Note: In Aubrey Blecher, Charlotte Brennan, Arnold Knopfmacher, and Toufik Mansour, "Counting corners in partitions", the following formula (Theorem 2.2) is given
$P(x,t) = t + t^2 \sum_{j\geq 1} \frac{x^j}{1-x^j} \prod_{i=1}^{j-1} \frac{1-(1-t)x^i}{1-x^i}$
Best Answer
Maybe this is not the kind of answer you are looking for, but it is easy to see that $$ P(x,t) = \prod_{k=1}^{\infty} \frac{1-x^{k-1}(1-t)}{1-x^k}$$ because the number of corners of a partition is one plus its number of distinct parts (you always have a corner at the "top" of a series of repeated parts, plus one at the very bottom of the partition).

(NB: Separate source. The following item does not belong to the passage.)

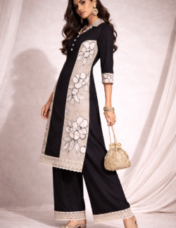 A sophisticated kurti crafted with a striking contrast of solid black and soft floral prints. Designed with a structured silhouette and delicate lace detailing, this kurti blends modern tailoring with timeless Indian aesthetics. Perfect for women who appreciate understated elegance with a contemporary touch

So the term of $\frac{1-x^k(1-t)}{1-x^k} = 1 + t \frac{x^k}{1-x^k}= 1 + t(x^k + x^{2k} + \cdots)$ correspond to choosing how many parts equal to $k$ in your partition you want. And then there is an extra factor of $1-x^0(1-t)=t$ for the extra corner at the bottom every partition has.
I guess this answers part 1 as well, right?
EDIT: Okay, in response to the comment below, here is a probabilistic proof that weighting each partition $\lambda$ by $x^{|\lambda|}(1-x)^{\#\mathrm{corners}(\lambda)}$ gives a probability distribution on the set of all partitions. Imagine constructing a partition as follows. We start with the empty partition. Then we focus on its unique corner. We flip a coin that is heads with probability $x$ and tails with probability $1-x$. If we get heads, we add a box in that corner, and then move on to consider the "next" corner of the partition we've built so far, moving left to right and top to bottom. (I am always using "English" notation for partitions/Young diagrams, by the way.) When we flip a tails at a corner, we leave that box empty, but we still move on to the next corner. Unless we flipped tails at the bottom corner (i.e., in a row with no boxes in it), in which case we stop and output the partition we've made. It is not hard to see that we produce each $\lambda$ with probability $x^{|\lambda|}(1-x)^{\#\mathrm{corners}(\lambda)}$. Maybe a small additional argument is needed to explain why we terminate with probability $1$.